Le Québec présente un projet de loi interdisant les symboles religieux

Le Québec présente un projet de loi interdisant les symboles religieux

Les critiques signalent que le projet de loi 21 discrimine les femmes musulmanes.

 

Un projet de loi déposé jeudi interdisant à de nombreux fonctionnaires québécois de porter des symboles religieux transformera les musulmans et les autres minorités religieuses en «citoyens de seconde classe», affirme le Conseil national des musulmans canadiens (NCCM).

Adopté par le gouvernement de la Coalition Avenir de Québec (CAQ), le projet de loi 21 concerne des fonctionnaires occupant des postes d'autorité, notamment des enseignants, des administrateurs d'école, des avocats de la Couronne, des policiers et des gardiens de prison.

Ces symboles incluent le hijab, le turban et la yarmulke.

Le gouvernement a déclaré que le projet de loi était censé être laïque, mais le NCCM a déclaré que la réalité est que la CAQ cible les musulmans.

«Sous le prétexte de laïcité, cette loi interdit de porter le hijab dans la fonction publique québécoise, étant donné le nombre écrasant de femmes musulmanes touchées», a déclaré dans un communiqué le directeur général du NCCM, Ihsaan Gardee.

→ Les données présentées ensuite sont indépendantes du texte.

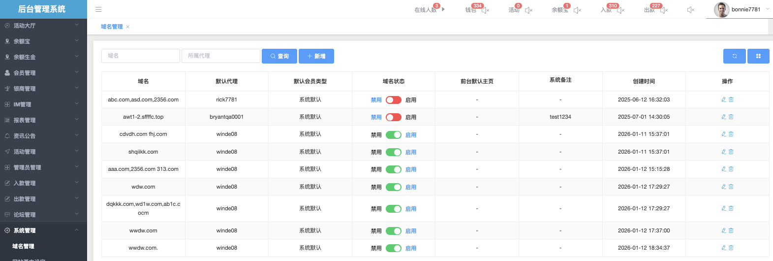 这个页面用于统一管理和维护平台支持的所有绑定域名。管理员可以在这里添加新域名、设置每个域名的默认代理、默认会员类型、前台首页、状态(启用/禁用),以及系统备注。

Le projet de loi 21 a d'autres critiques, y compris le premier ministre Justin Trudeau.

"Il est impensable pour moi que dans une société libre, nous légitimerions la discrimination à l'encontre des citoyens sur la base de leur religion", a-t-il déclaré jeudi.

De plus, la Commission scolaire English-Montréal a déclaré ne pas appliquer la loi, mais plutôt permettre aux enseignants de porter des symboles religieux au travail.

C'est la quatrième fois que les gouvernements québécois successifs tentent de faire adopter ce projet de loi.

Le gouvernement libéral précédent avait présenté un projet de loi sur la neutralité religieuse toujours bloqué en raison de contestations judiciaires.

Cependant, le premier ministre du Québec, François Legault, a inclus dans le projet de loi 21 une clause «nonobstant» qui protège celle-ci des contestations judiciaires en vertu de la Charte canadienne des droits.

«L’utilisation par le gouvernement de la CAQ de la clause nonobstant est un aveu tacite que ce projet de loi ne serait pas conforme à la Constitution», a déclaré Gardee. "L’équipe juridique du NCCM entreprend un examen minutieux du projet de loi afin de déterminer les options existantes pour contester cette législation discriminatoire."

Le projet de loi est maintenant soumis à un comité législatif pour examen. Il sera ensuite présenté à nouveau, et le gouvernement souhaite que le projet de loi soit adopté d'ici la mi-juin.